I'll just quote the book here:
> We realize this threat to be even more direct when we understand that the pacifist history of India’s independence movement is a selective and incomplete picture-nonviolence was not universal in India. Resistance to British colonialism included enough militancy that the Gandhian method can be viewed most accurately as one of several competing forms of popular resistance. As part of a disturbingly universal pattern, pacifists white out those other forms of resistance and help propagate the false history that Gandhi and his disciples were the lone masthead and rudder of Indian resistance. Ignored are important militant leaders such as Chandrasekhar Azad,[6] who fought in armed struggle against the British colonizers, and revolutionaries such as Bhagat Singh, who won mass support for bombings and assassinations as part of a struggle to accomplish the “overthrow of both foreign and Indian capitalism.”[7] The pacifist history of India’s struggle cannot make any sense of the fact that Subhas Chandra Bose, the militant candidate, was twice elected president of the Indian National Congress, in 1938 and 1939.[8] While Gandhi was perhaps the most singularly influential and popular figure in India’s independence struggle, the leadership position he assumed did not always enjoy the consistent backing of the masses. Gandhi lost so much support from Indians when he “called off the movement” after the 1922 riot that when the British locked him up afterwards, “not a ripple of protest arose in India at his arrest.”[9] Significantly, history remembers Gandhi above all others not because he represented the unanimous voice of India, but because of all the attention he was given by the British press and the prominence he received from being included in important negotiations with the British colonial government. When we remember that history is written by the victors, another layer of the myth of Indian independence comes unraveled.

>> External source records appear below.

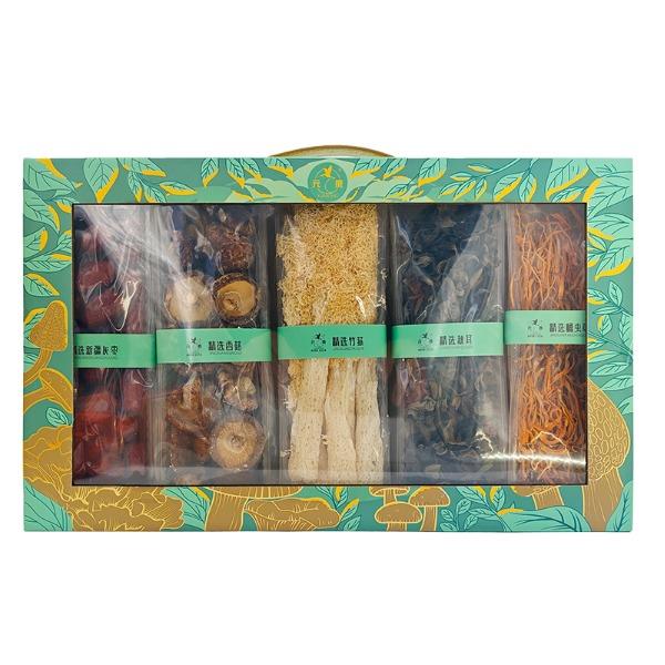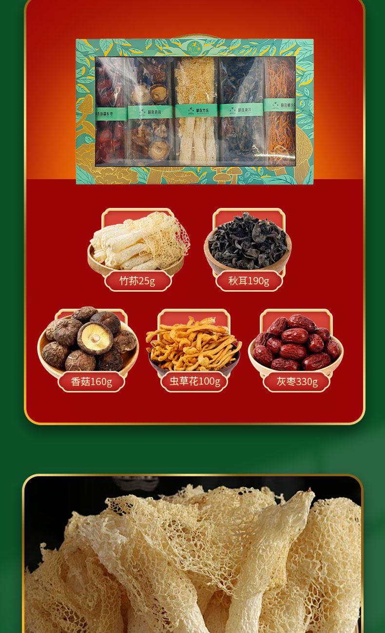 精选竹荪25g 产地: 福建省宁德市 精选秋耳190g 产地:黑龙江省牡丹江市 精选香菇160g 产地:河南省南阳市 精选虫草花100g 产地:福建省宁德市 精选新疆灰枣430g 产地:新疆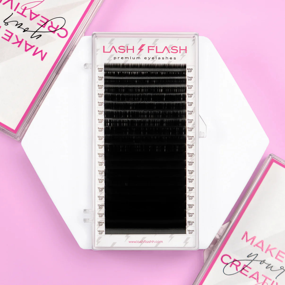 - each lash tray has an indicator label (length, curl, diameter).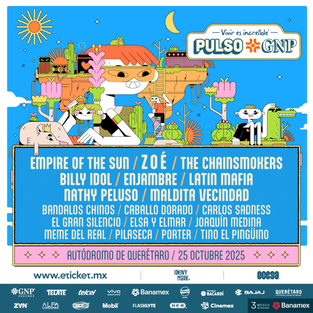 El Pulso GNP 2025 reunirá a grandes nombres de la escena nacional e internacional como Empire of the Sun, Zoé, The Chainsmokers y Latin Mafia, entre otros. La cita será en el Autódromo de Querétaro, y los boletos ya están disponibles a través de la plataforma e-ticket.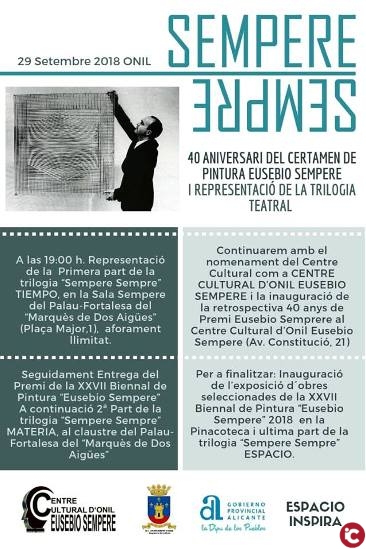 Seguidamente, los asistentes se dirigieron al Centro Cultural de Onil, donde se descubrió la rotulación de la nomenclatura del edificio como Centro Cultural de Onil Eusebio Sempere. En el interior, se ofreció a los asistentes un vino de honor, y se hizo un reconocimiento a todos los Concejales de Cultura de Onil y Alcaldes que, desde aquel 1978 hasta ahora, edición tras edición, tanto se han comprometido en conservar y mejorar este Premio. A continuación se pasó a presenciar el tercer acto del espectáculo Sempere Sempre que tuvo lugar en la pinacoteca del Centro Cultural. Por último, en la misma sala, se inauguró la exposición de obras seleccionadas y del ganador de la XVII Bienal de pintura en honor a Eusebio.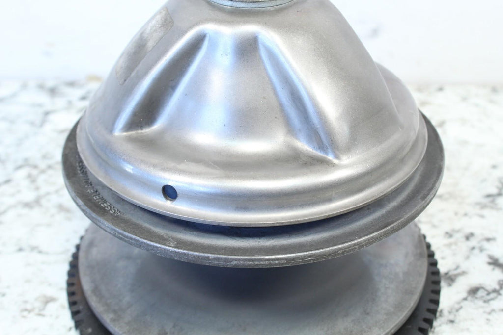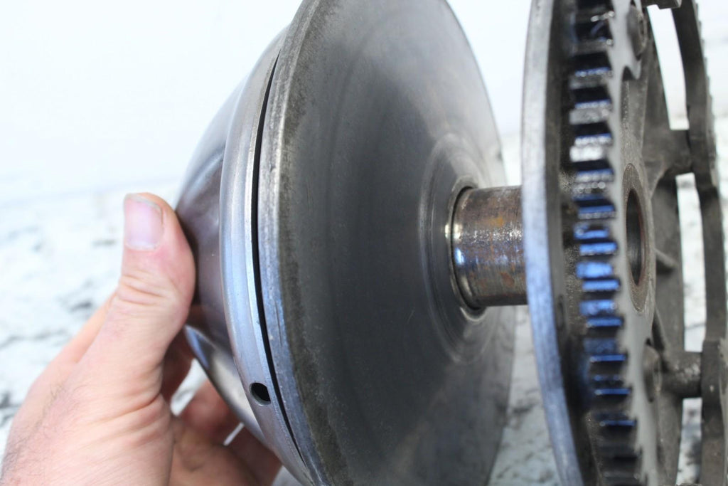 This Primary Drive Clutch is in fairly good condition. The sheaves do have some light wear. This came off a good running machine. There are no cracks in this item. This item is straight. This item works well. The starter gear is in good condition.

And end by saying the significant part again: "we understand that the pacifist history of India’s independence movement is a selective and incomplete picture"
Quite interesting perspectives but the actual article's title is named "The doctor who saw colonialism as a sickness". So the editorializing of the title is quite uncalled for.

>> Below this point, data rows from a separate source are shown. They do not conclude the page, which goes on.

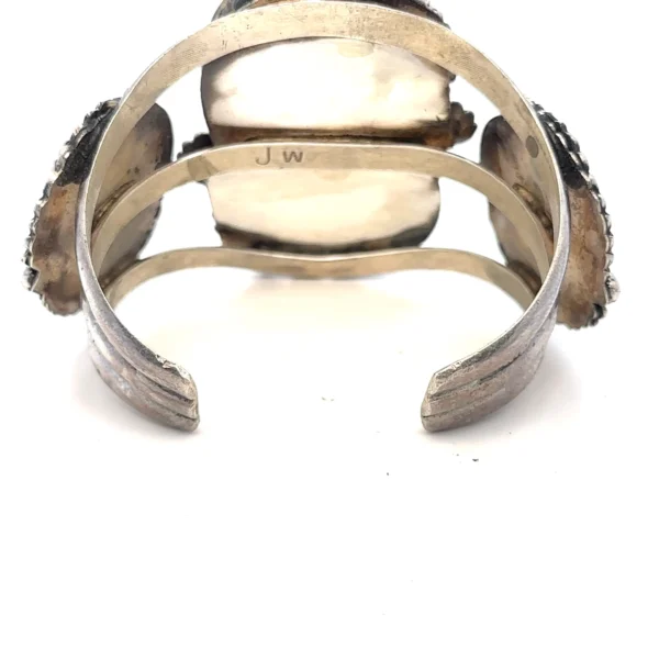 This bracelet is adjustable to fit almost any wrist and is crafted from sterling silver, Morenci turquoise, and genuine bear claws. It is hallmarked JW, representing Juliana Williams, a highly regarded Navajo (Diné) artist. Expertly made, this piece weighs 58.8 pennyweight and measures 2½ inches at its widest point and ¾ inch at its narrowest. Although created in the mid-to-late 1970s, it looks brand new and would make a stunning addition to any collection, perfect for wearing or displaying.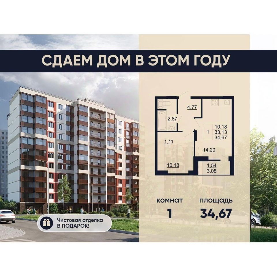 Сдаем дом в этом году! Чистовая отделка в подарок! ЖК "Рубеж" это современный жилой комплекс, расположенный в живописном поселке им. Свердлова Всеволожского района Ленинградской области. Комплекс состоит из двух секций, предлагая своим жильцам комфортные квартиры различной площади и планировки, развитую инфраструктуру и близость к природе. На территории комплекса расположен собственный физкультурно-оздоровительный комплекс с бассейном, а первые этажи отведены под коммерческие помещения. Квартиры: Все квартиры сдаются с чистовой отделкой, что значительно упрощает заселение. А Просторные лоджии площадью до 7 м² дают дополнительное пространство, которое можно использовать как место для отдыха, зимний сад или рабочий кабинет. Транспортная доступность: 15 минут на автомобиле до КАД. Ближайшая станция метро находится в 20 минутах езды на транспорте. Рядом с жилым комплексом находится остановка общественного транспорта, с которой регулярно отправляются автобусы в сторону Санкт-Петербурга. Инфраструктура и окружение: На территории комплекса расположен собственный физкультурно-оздоровительный комплекс с бассейном и детская площадка. На первых этажах разместятся коммерческие помещения — кафе, парикмахерские, магазины, — чтобы все необходимые услуги были в шаговой доступности. В пешей доступности от ЖК "Рубеж" находятся: Детский сад (3 минуты пешком) и школа (10 минут пешком). Невский лесопарк и Усадьба Богословка (900 метров) Набережная Невы (6 минут пешком). Двор оборудован детской площадкой с безопасным покрытием, уютными зонами отдыха и прогулочными дорожками. Ключевые преимущества ЖК "Рубеж": Гармония городской жизни и природного спокойствия. Собственный физкультурно-оздоровительный комплекс с бассейном. Чистовая отделка во всех квартирах. Просторные лоджии до 7 м². Развитая инфраструктура района. Благоустроенная территория с детскими и спортивными площадками, зонами отдыха. Близость к природе: Невский лесопарк, набережная Невы. Доступные цены. Сроки сдачи: 4 квартал 2025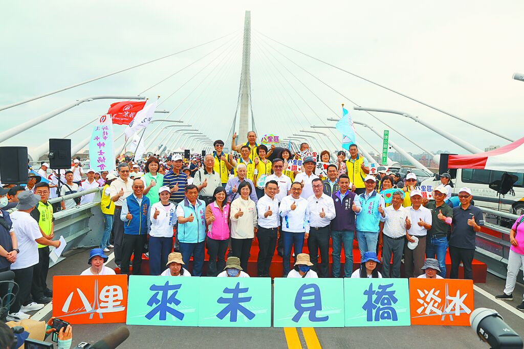 淡江大橋17日下午舉辦通車前首場暖身活動「淡水八里.橋見未來」,吸引上萬名市民登橋參與。(鄧博仁攝)
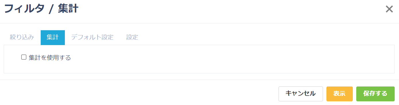 フィルタ/集計設定では、設定した条件に合致したレコードのみ表示する「絞り込み」の設定が可能です。ここでご紹介するのは、データの項目(金額等)を合算したりするのではなく、条件に合致したレコード表示をさせる方法についてご紹介します。
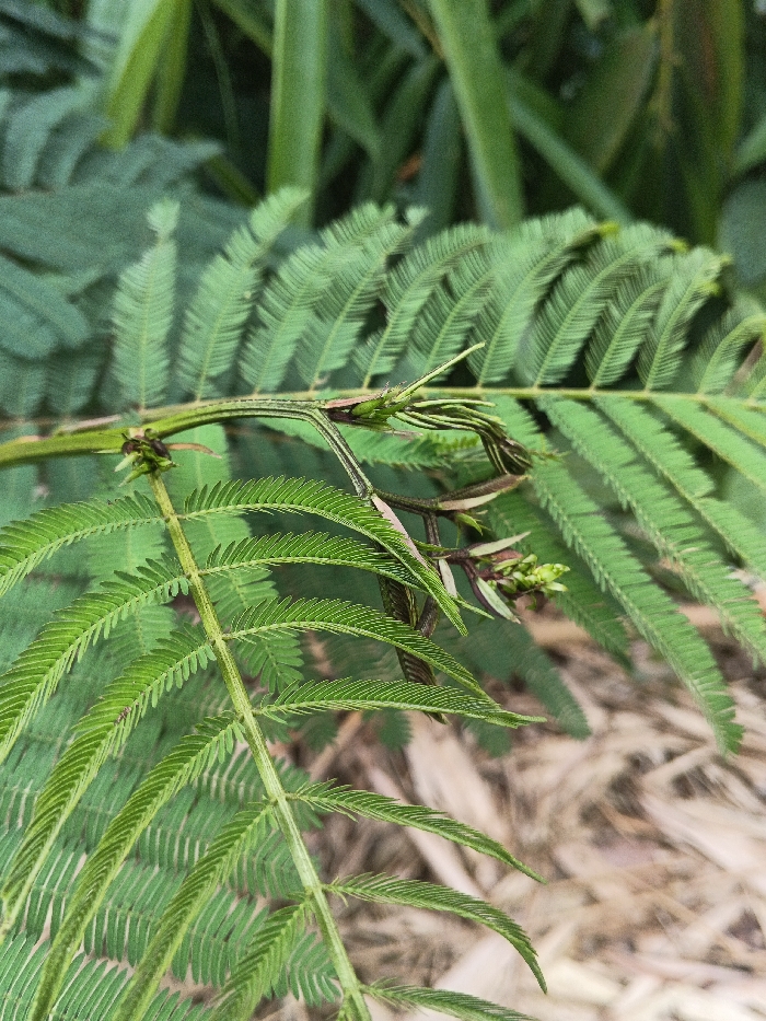 The image presents a close-up view of vibrant green plant foliage, located in Butwal, Nepal. The central subject is a detailed compound leaf, characterized by a central rachis from which multiple pairs of pinnae branch, each bearing numerous small, oblong leaflets. The overall leaf structure appears bipinnate. Near the stem's apex and nodes, several nascent growths are visible; these are tightly furled, lighter green shoots, some displaying faint reddish-brown tints at their edges. The background is softly blurred, revealing additional green foliage and, in the lower right quadrant, indistinct light brown organic material, consistent with dry leaves or plant debris. No individuals, animals, or man-made objects are present in the scene. The lighting suggests natural daylight conditions.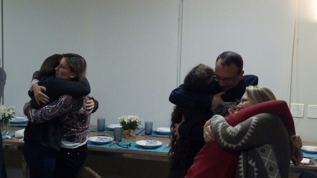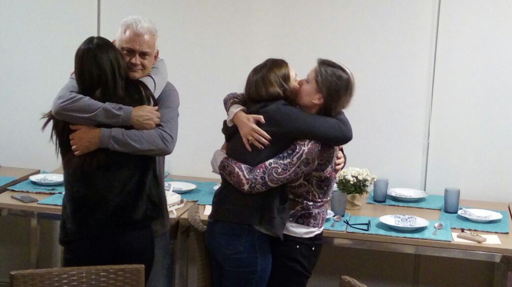 Depois de um grande exercício pessoal de amor, sinceridade e caridade para com o outro no grupo (com ausência de julgamento) partimos para o especial encontro com a família, hora de reconectar o que invisivelmente (nas entre linhas do dia-a-dia) minam uma boa relação familiar. Parar, ouvir o outro, sentir o outro, conhecer as dores e angustias do outro promoveram o bem-estar e o entendimento, o olhar sincero nos olhos, o toque acolhedor, as lágrimas derramadas foram a mais bela manifestação de amor de um coração que se liberta da angustia e se reconcilia com a paz. Por fim a cura que se dá com um abraço de reconhecimento e acolhimento de todo sentimento guardado que necessitava de compreensão, do perdão escondido atrás do orgulho, da alegria camuflada pela razão e por todas as pressões pessoais e as do mundo.
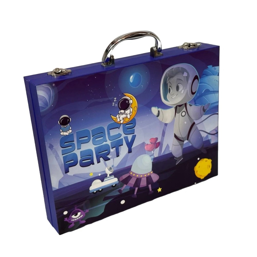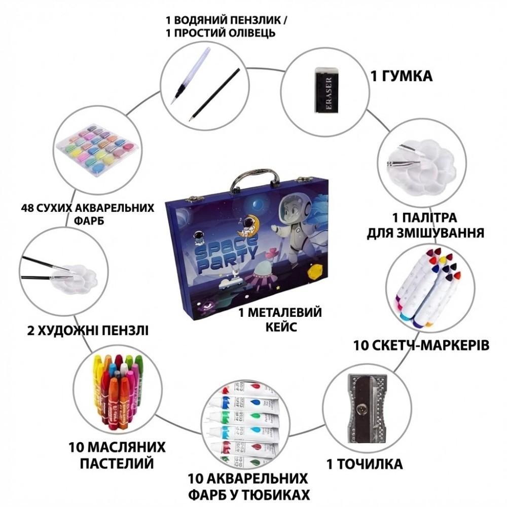 Опис → Художній набір-валіза Space Painting Color Kit with Suitcase — це повноцінний і зручний комплект інструментів для творчості та малювання, зібраний у практичному переносному кейсі-валіза. До набору входять різноманітні художні предмети: кольорові олівці, фломастери, воскова крейда, акварельні фарби, пастель і пензлі, що дає змогу дитині освоювати різні техніки та втілювати творчі ідеї. Металева валіза з міцною ручкою забезпечує надійне зберігання всіх елементів і зручне перенесення. Усі предмети акуратно розміщені в організованих відділеннях, що допомагає підтримувати лад і швидко знаходити потрібний інструмент. Цей художній набір стане чудовим подарунком для дітей, сприяє розвитку фантазії, творчого мислення та моторики, а також ідеально підходить для використання вдома, у школі або на творчих заняттях. Переваги → ✔ Багата комплектація для малювання і творчості ✔ Різноманітність матеріалів: олівці, фарби, маркери ✔ Міцний кейс-валіза з ручкою для перенесення ✔ Зручна система зберігання всього приладдя ✔ Чудовий подарунок для художників-початківців Характеристики → Тип: художній набір для малювання Формат зберігання: кейс-валіза Матеріал корпусу: металевий/пластиковий кейс Комплектація олівці, фломастери, фарби, пастель, пензлі та ін. Кількість предметів: 85 Призначення: творчість, навчання малювання Вік: від 3-4 років і старше Переноска: зручна ручка Комплектація → Кольорові олівці Фломастери/маркерні ручки Пастель, крейда Набір акварельних фарб Пензлі для малювання Палітра Гумка, стругачка Відсіки та комірки всередині кейса

Some notable takeaways (still applicable today albeit under different guises);
> As a pioneer of “social therapy,” an approach that classified personal pathologies as political symptoms,
> he grasped that racism was an abyss in its own right.
> the psychic distortions that imperialism inflicts on colonists and colonized alike.
> He saw firsthand that colonialism exiles us from ourselves:
> At the core of Fanon’s increasingly radical approach to mental health care was his conviction that, as Shatz puts it, “some forms of psychological suffering have their roots not in an individual’s psychic constitution but in oppressive social relations.”
> The forms that mental illness takes within a certain society are good guides to its neuroses, and Fanon knew well that the racist phobias and fantasies of his European patients functioned as windows onto the world that colonialism had wrought.
> But even the most innovative clinical techniques did not go far enough for Fanon, who knew that political solutions are the only long-term remedy for political diseases. Colonialism is “a system of pathological relations masquerading as normality,” Shatz eloquently writes,
> In his view, anti-colonial violence was “a kind of medicine, rekindling a sense of power and self-mastery” that allowed the colonized to recover their dignity by way of self-assertion.
> The abolition of imperialism was the best medicine, both for Algerians and for everyone else who lived under colonialism, but in the interim, its indignities smarted — and even after it was dismantled, its traumas would linger.
> At a conference in 1956, he warned against the “exoticism” that occupiers often adopt toward native populations,
> All of them were victims of what Fanon called the “mental disorders of colonial warfare,” which plagued him in equal measure. In a world so sick, no one could be cured, not even the doctors.